天声人語で国語力をアップ

天声人語を読み直すのに、新聞の切り抜きや書き写しノートを持ち歩くのが面倒なので、ブログにアップしています。

統一地方選を振り返って 「議会のありかた 議員の役割」

天声人語 2019/4/24より

今回の統一地方選で目を引いたニュースに、当選を辞退した人の話があった。長野県辰野町議選で欠員が出そうだと知り、ある男性が飛び込みで立候補を届け出た。そのまま無投票で当選したが、2日後になって辞退を申し出た▼「家族や地域の理解が得られなかた」のが理由という。町の担当者が「辞退は前代未聞」と頭を抱えていると、本紙長野県版にあった。こんな騒動が起きるのも、欠員や無投票がいまや日常風景になったせいか▼「議員のなり手がいなくなるのは当然です」。そう言うのは政治学者の待鳥聡史・京都大教授である。議員として新しいことをしようにも財政が厳しい。何か失敗すれば、きつく批判される。立候補するには仕事をやめないといけない。それに見合う報酬もないのに・・・▼必要なのは「議員に何を期待するのか」を再定義することだという。

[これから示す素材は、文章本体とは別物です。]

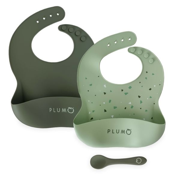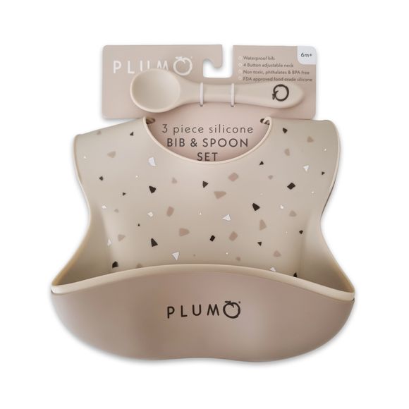 Plum Silicone Bib & Spoon Set 3Pc Berry/Blush
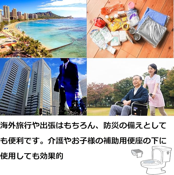 用途は海外旅行や出張はもちろん、災害時や防災の備えとしても便利です。防水仕様ですので、介護やお子様の補助用便座の下に使用しても効果的です。

一つのやり方はプロとして責任を重くし、報酬も上げる。もう一つは首長を監視するアマチュアだと割り切り、兼業をおおいに認めて、報酬も日当程度にする▼アマチュア議会を想像してみる。学校の先生が授業を終えて、議場にかけつける。Tシャツ姿の人が質問に立つ。託児施設が設けられ、時おり子どもの声が聞こえる。議論は真剣、かつ、にぎやかである▼何事も締め切りが大事だ。わが議会はどうするかの議論をすぐに始め、次の選挙までに必要な改革をする。そのくらいのスピード感がほしい。4年後の統一地方選でまた頭を抱えないために。